Она больше всего боялась утомить почтенную публику подробностями своей жизни. Даже припомнила слова своего педагога по танцу Марии Степановны Воронько: «Зритель откуда приходит в театр? С работы. Садится и... задает храпака. А тут его со сцены р-р-раз кастаньетами. Он вздрагивает. В результате - инфаркт. А надо к нему так осторожненько подойти и в ушко аккуратненько так, ритмично: «Про-сы-пай-ся, советский зритель!»

- Наталия Ивановна, у вас было необыкновенно счастливое детство...

- Это был волшебный мир, который, к сожалению, мне не удалось создать своим детям и внукам. Мир добра, взаимопомощи. Представьте себе: большая светлая комната с окнами, выходящими в парк. Липовые аллеи, цветущий яблоневый сад. В этой комнате, находящейся, кстати, в школе для глухонемых детей, я и родилась. Такую школу, уникальную в своем роде, основал мой дед Федор Андреевич Рау. По его методикам учатся до сих пор. Благодаря моей бабушке Наталии Александровне появились первые в России ясли. Деньги на них пришлось собирать, образно говоря, ходя с шапкой по богатым людям. Было это в Москве, на Красной Пресне. После замужества она организовала детский сад для инвалидов. Этим же занимались мои дяди, тети. Дедушка был немец.

Родилась я в день именин бабушки. Так что с именем вопрос не стоял. В этот день было шумно и весело, пришло много гостей. Мама рожала меня долго, и они все время заглядывали в комнату со словами: «Ну что, еще нет?»

Помню, мы с братом просыпались рано утром по воскресеньям от звонка огромного колокольчика-ботала. Это бабушка принимала ребятишек. Их привозили со всей России. Кабинетов не было. На лестнице, ведущей в кухню, толпился народ. Бабушка сидела за деревянным дощатым столом и проверяла у прибывших слух. Мои бабка и дед были очень скромные люди.

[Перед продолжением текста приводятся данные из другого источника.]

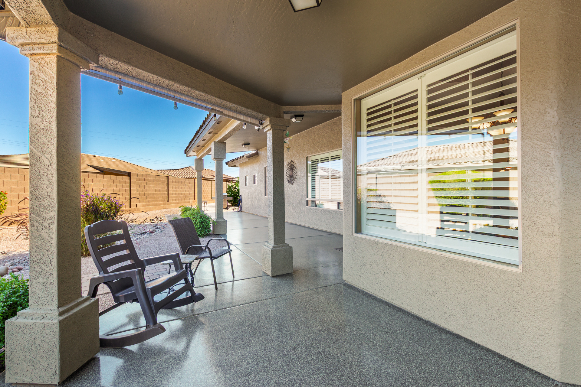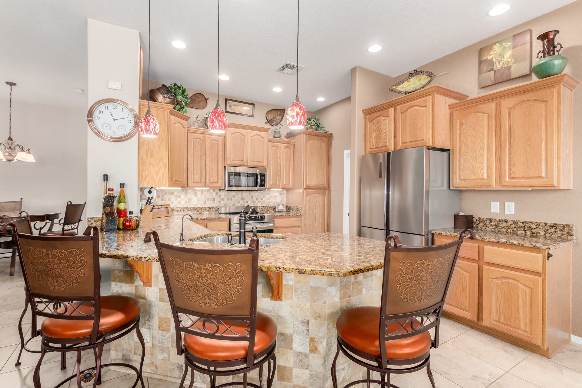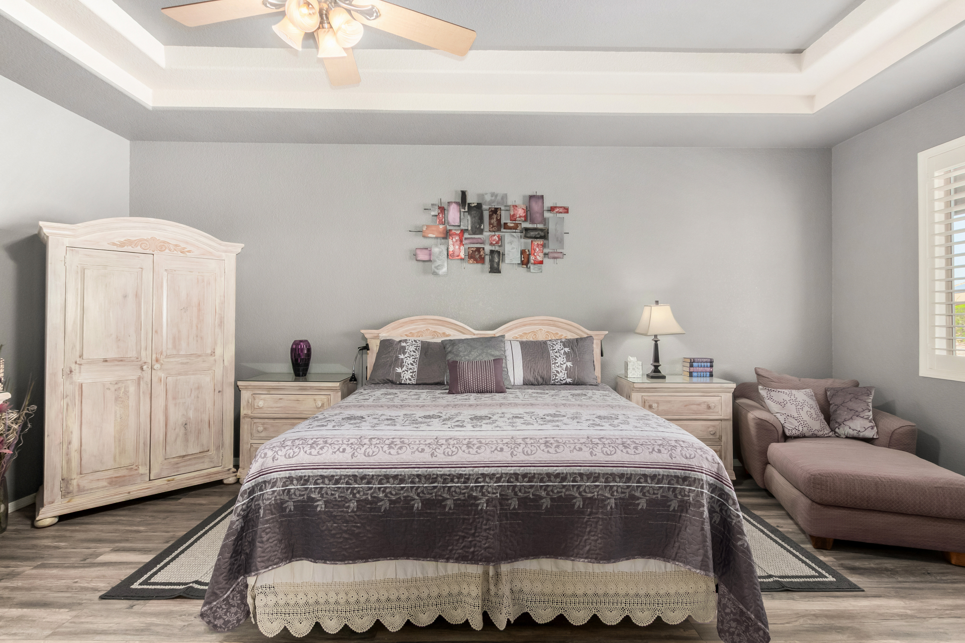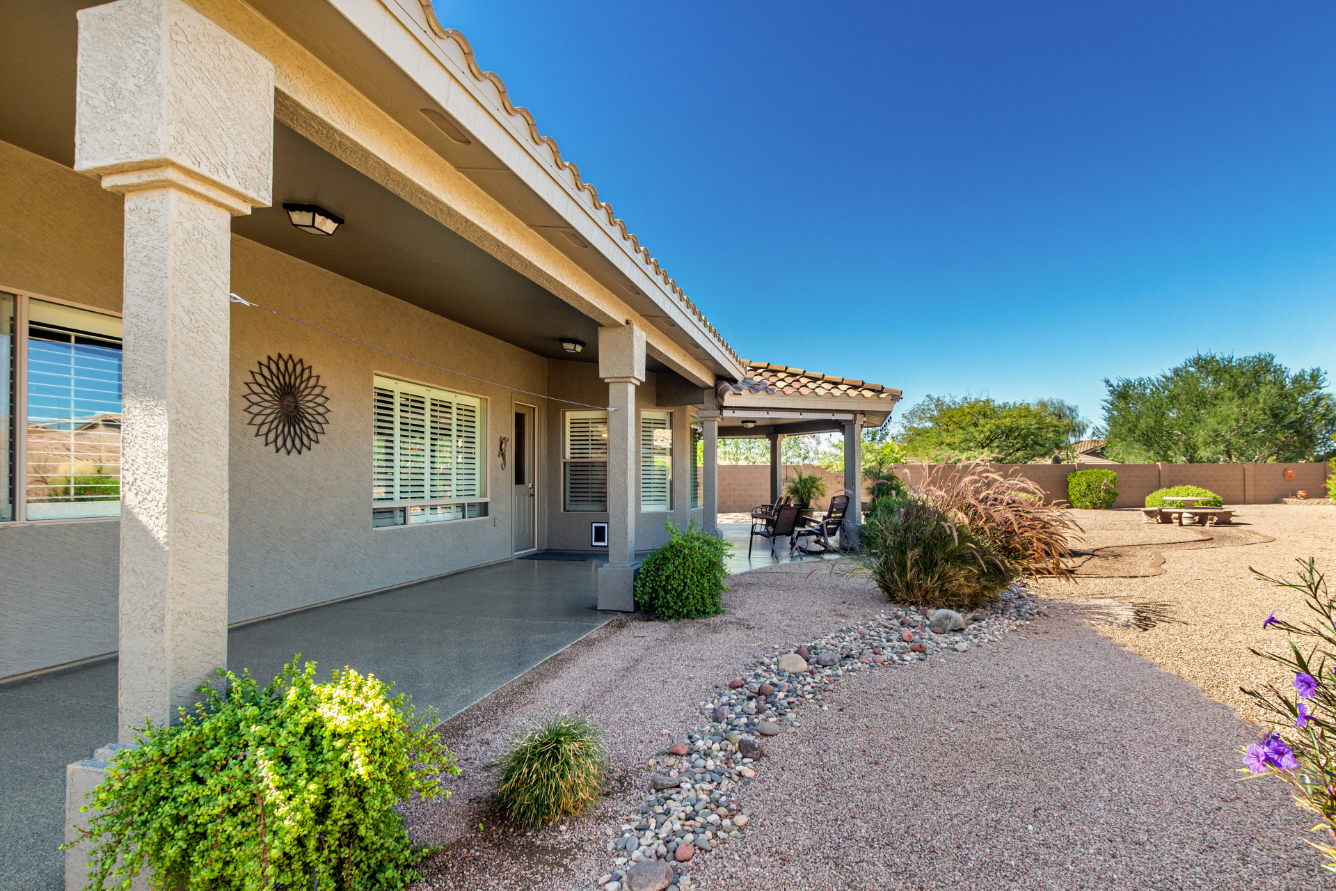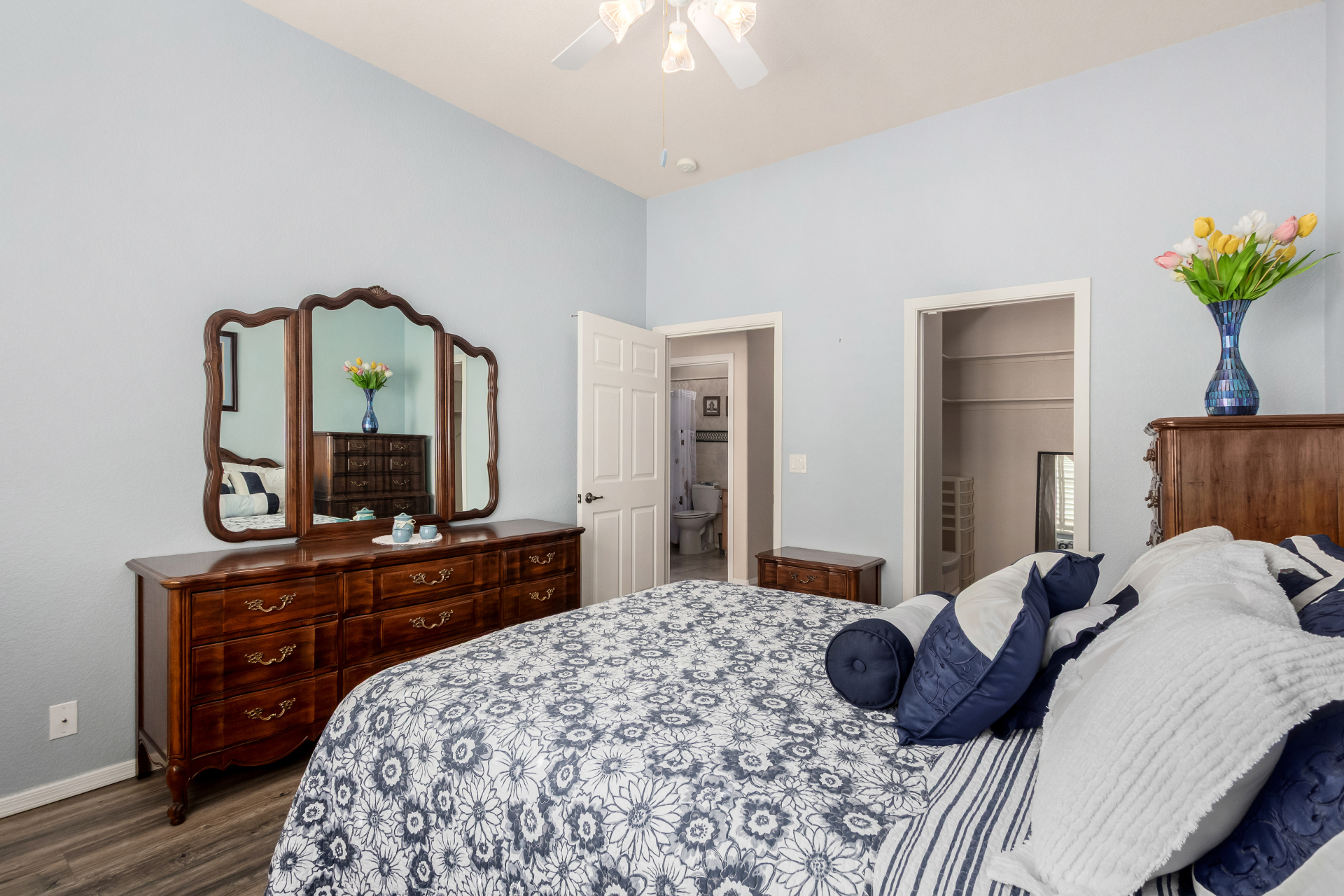 Wow! Discover this gorgeous 2-bedroom home perfectly situated on a prime cul-de-sac lot! The facade displays a 3-car garage, stone accents, and manicured landscape. Prepare to be amazed by the impressive open floor plan showcasing tile flooring, bountiful natural light, plantation shutters, and ceiling fans throughout. Fabulous kitchen includes ample cabinetry, tile backsplash, stainless steel appliances, granite counters, a breakfast bar, and a cozy breakfast nook with a lovely bay window. Impeccable primary retreat offers an ensuite with a make-up desk and a walk-in closet. Flexible den provides the ideal space for an office, reading area, or lounge zone. Relax outdoors under the covered patio or take advantage of the exceptional Community amenities. Hurry! A deal like this won't last!
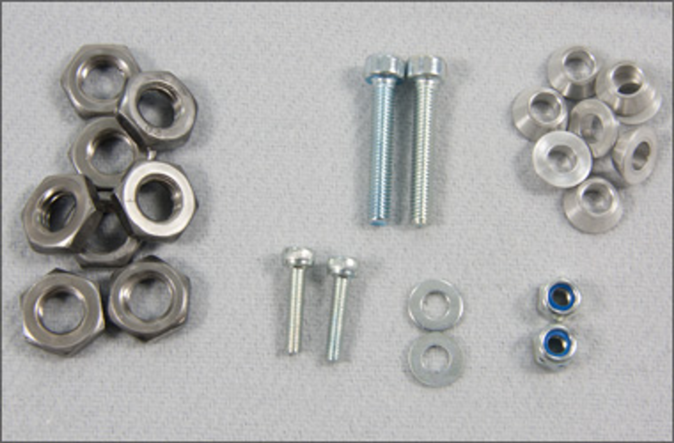 Set besteht aus schmalen Querlenkern hinten unten, Alu-Kugelgelenke, Querlenkerstifte, Kleinteile und Schrauben.
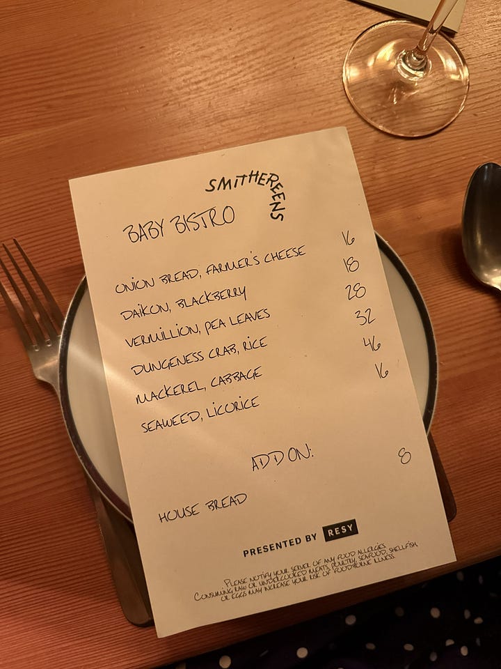 Smithereens and Baby Bistro feel like kindred spirits, we opened up around the same time and we are both small, weirdo restaurants. Once again, we were able to incorporate a lot of amazing local seafood into our menu, serving Dungeness crab rice and some beautiful vermilion rockfish.
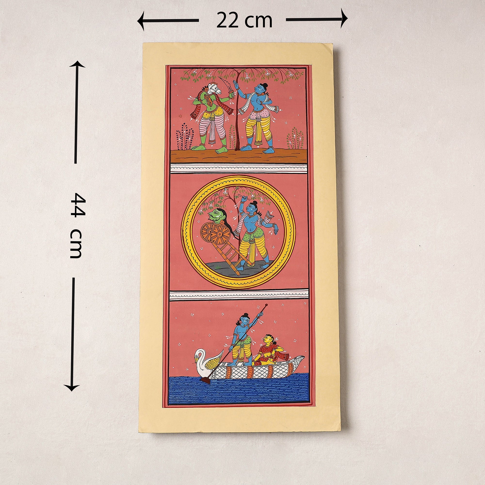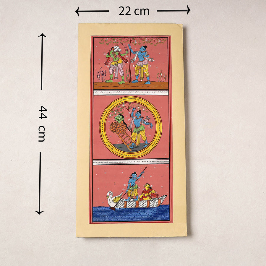 Traditional hand-painted painting with natural colours on handmade paper. Pattachitra or Patachitra is a general term for traditional scroll painting, based in the eastern Indian states of Odisha and West Bengal. Pattachitra artform is known for its intricate details as well as mythological narratives and folktales inscribed in it. Pattachitra is one of the ancient artworks of Odisha. Patrachitras are a component of an ancient Bengali narrative art, originally serving as a visual device during the performance of a song. This classical Pattachitra art comes from Danda Sahi, Balia, Odisha from the family of Dilip Kumar. A wonderful painting for the discerning decor aficionado or gift for an art lover. These are priceless collectibles.

- А как же вас потянуло к театру?

- Дело в том, что к моему деду в 30-е годы обратился Станиславский с просьбой поработать с актерами, поставить им дикцию. Он отказался в силу занятости, а вместо себя отправил дочь Елену Федоровну, мою маму. Сначала она работала в театре Станиславского, потом во МХАТе. По воскресеньям нас, детей, водили в театр, в основном оперный. Частенько перед сном, сидя за столом, мы напевали арии из опер. Ну, например, из «Кармен»: «В карауле мы походим, посвистим, попоем». Делали что-то вроде капустников. Мой братишка Володя изображал Собинова.

- А потом началась война...

- Я только закончила седьмой класс. 22 июня мы с сестрой побежали покупать билет на премьеру «Ромео и Джульетты» в Большой театр, преданными поклонницами которого являлись. Караулили артистов с букетами. Нас даже называли «косички». Как только мы выбежали в Охотный ряд, по радио объявили войну. Как трагедию мы это не восприняли. Дурехи были, молодые кобылки. Билетов не купили, сиганули домой. Было жутко интересно. Уже позже, через месяц, когда в Москве начались первые бомбардировки, мы осознали, что это такое. Когда выходишь из бомбоубежища, все вокруг горит, в воздухе носится сажа, гарь.

Поскольку дед был немец, его семью, десять человек, эвакуировали в Казань. Было голодно. Бабушка слегла. Ее старшая сестра, баба Оля, ходила по рынку и собирала капустные листья. Сейчас гляжу на фотографии и недоумеваю: я и моя сестра Вера на них такие крепыши, кровь с молоком. Неужто с картофельных отрубей мы были такие?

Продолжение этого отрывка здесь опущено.